Esports Entertainment closes on $1M private placement

eSports

Esports Entertainment Group announced the closing, on December 6, 2019, of the final tranche of its private placement offering whereby the Company entered into securities purchase agreements with four accredited investors.

Pursuant to the Purchase Agreements, in the final tranche, the Company issued the Investors convertible promissory notes in the aggregate principal amount of $550,000 (including a 10% original issue discount) and Warrants to purchase an aggregate of 916,667 shares of the Company’s common stock, par value $0.001 per share (the “Warrants”).

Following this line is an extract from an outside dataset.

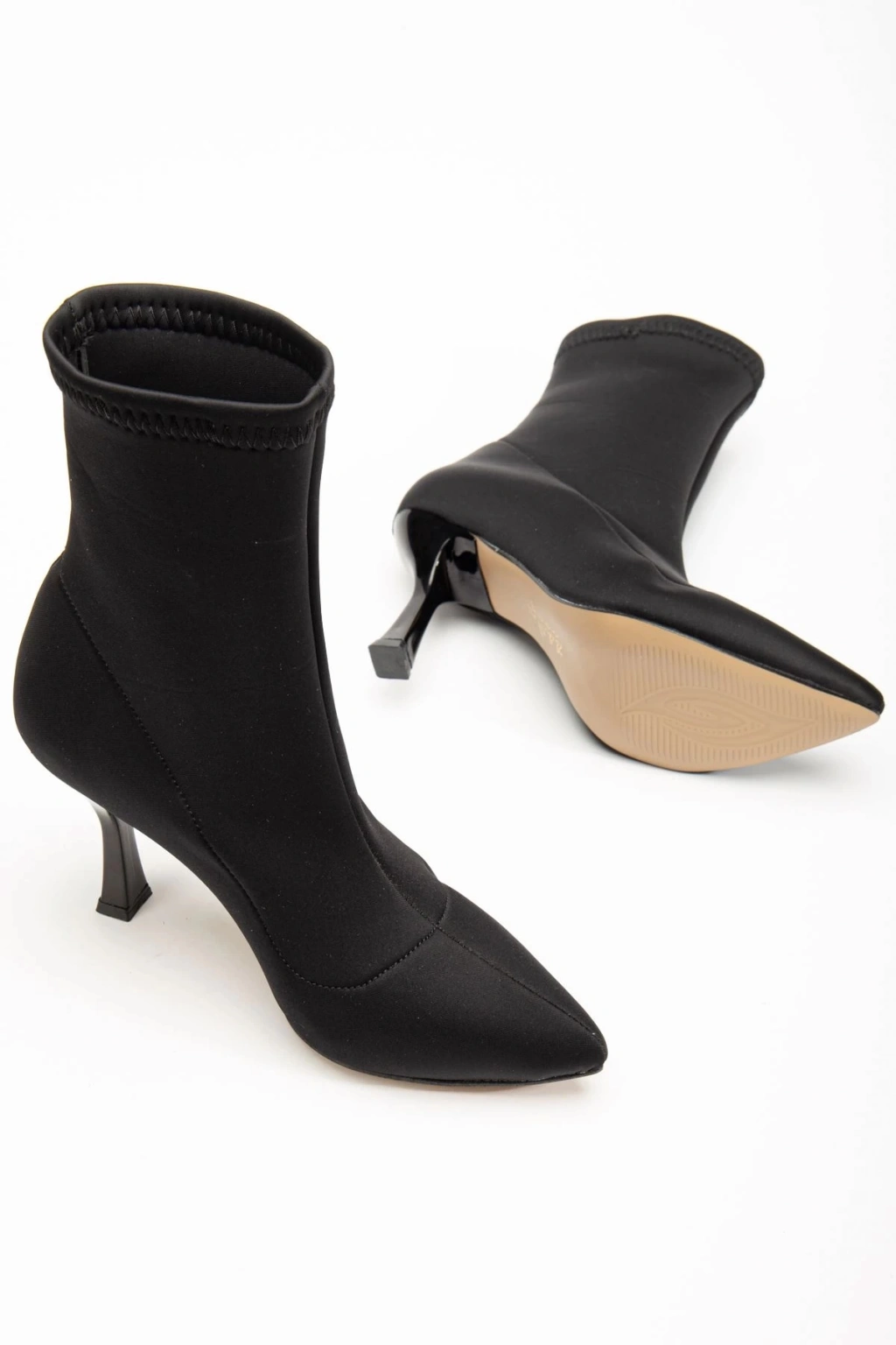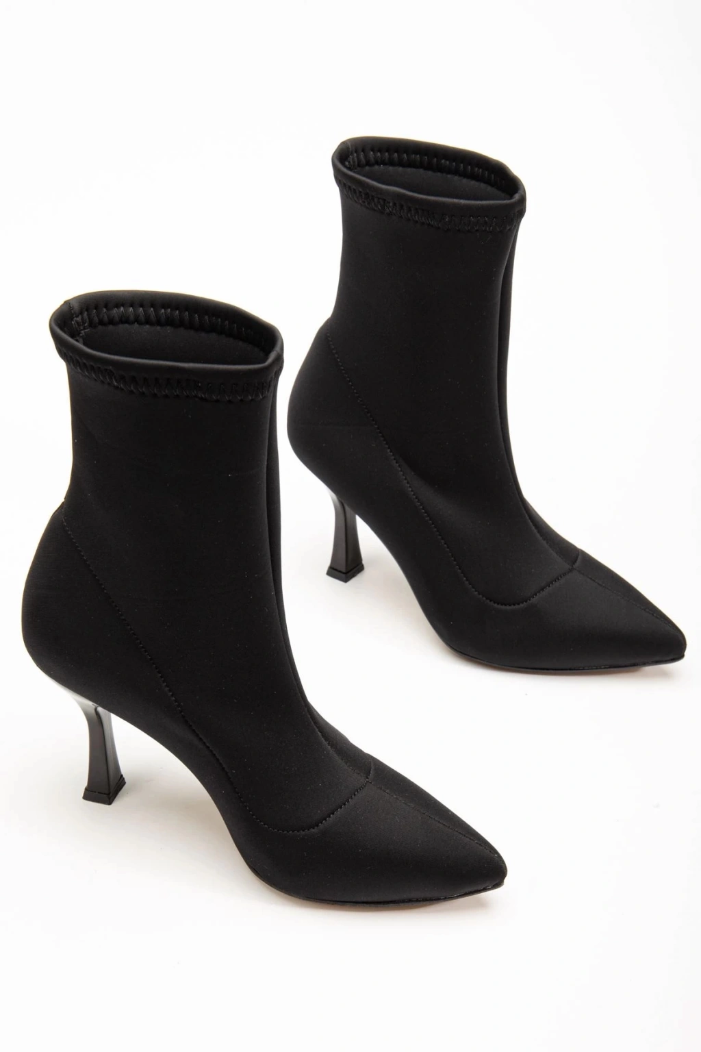 VRT-023 Siyah Dalgıç Yüksek İnce Topuklu Streç Kadın Bot

The Notes accrue interest at a rate of 5% per annum and are initially convertible into shares of the Company’s common stock at a conversion price of $0.60 per share, subject to adjustment. The Notes contain customary events of default and mature one year from the date of issuance.

Pursuant to the Purchase Agreements, each Investor was entitled to 100% Warrant coverage, such that such Investor received the same number of Warrants to purchase shares of the Company’s common stock as is the number of shares of common stock initially issuable upon conversion of its Note as of the date of issuance. The Warrants are exercisable for a period of three years from the date of issuance at a price of $0.75 per share, subject to adjustment.

Grant Johnson, CEO of Esports Entertainment Group, stated: “This is another major milestone for our Company. This financing will allow us to complete initiatives that have been announced over the past several months, as we look towards building our business and our brand in order to return shareholder value.”